The $3 billion crude swap loan from AfreximBank, he cautioned, might lead to future oil remittance deductions, with a single-digit interest charge.  

He urged reducing the black-market premium to ensure stable PMS prices. Emmanuel stressed transparency, seeking details about the loan’s interest, strike price, and provisions for price fluctuations.

He highlighted the need for comprehensive information on repayment tenure and noted CBN’s $6.8 billion outstanding debt.

Managing debts to external asset managers JP Morgan and Goldman Sachs also emerged as a pressing concern, crucial for Nigeria’s payment reserves. 

He said: 

  • “Also how does the Federal Government intend to raise oil and gas, non-oil and gas exports to improve the balance of payment reserves, as a means to align with the ratio of reserves to external debt level, that is topical for stabilizing FX rates and incentivizing institutional inflows”? 

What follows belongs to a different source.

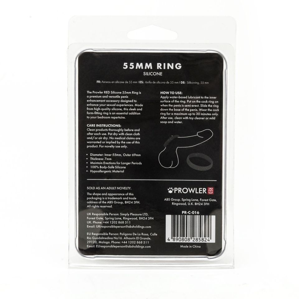 The Prowler RED Silicone 55mm Ring is a premium and versatile penis enhancement accessory designed to enhance your sexual experiences.Made from high-quality silicone, this sleek and form-fitting ring is an essential addition to your bedroom repertoire. Its 55mm diameter offers a snug fit for most users, providing just the right amount of constriction to enhance your performance and pleasure.Part of the Prowler RED collection, you know you can expect red-hot satisfaction with this sex enhancer. The silicone material is body-safe, hypoallergenic, and easy to clean. Whether you’re looking to prolong your erections, intensify your sensations, or experiment with different sensations, the Prowler RED Silicone 55mm Ring is up to the task. It’s discreet, simple to use and suitable for beginners and experienced users alike.Inner diameter 55mmOuter diameter 69mmThickness 7mmHeight 14mm

Economic Realities of Crude Repayment Loan  

The intricacies of Nigeria’s $3 billion crude repayment loan carry profound implications.

The influx of borrowed dollars into the economy, juxtaposed with reduced crude oil revenues due to payment in kind, raises pertinent concerns. 

Nigeria’s current crude oil output falls short of the 1.69 million barrels/day benchmark set in the 2023 budget.

Filling this gap necessitates addressing multifaceted challenges: theft, flooding, spills, and insufficient investments. Effectively repaying the loan, consisting of $3 billion worth of crude plus interest, hinges on resolving these issues. 

The projected dollar influx from the AfreximBank deal, though substantial, stems from non-productive origins.

This artificial nature raises questions about its long-term impact on the economy, especially considering Nigeria’s limited productivity capacity. 

This scenario underscores the urgency for Nigeria to pivot towards productivity over consumption.

The consensus, echoed by Dr. Amadi in his Arise News interview, underscores the imperative of nurturing a productive export market to bolster forex earnings, thereby fortifying the economy for sustained growth.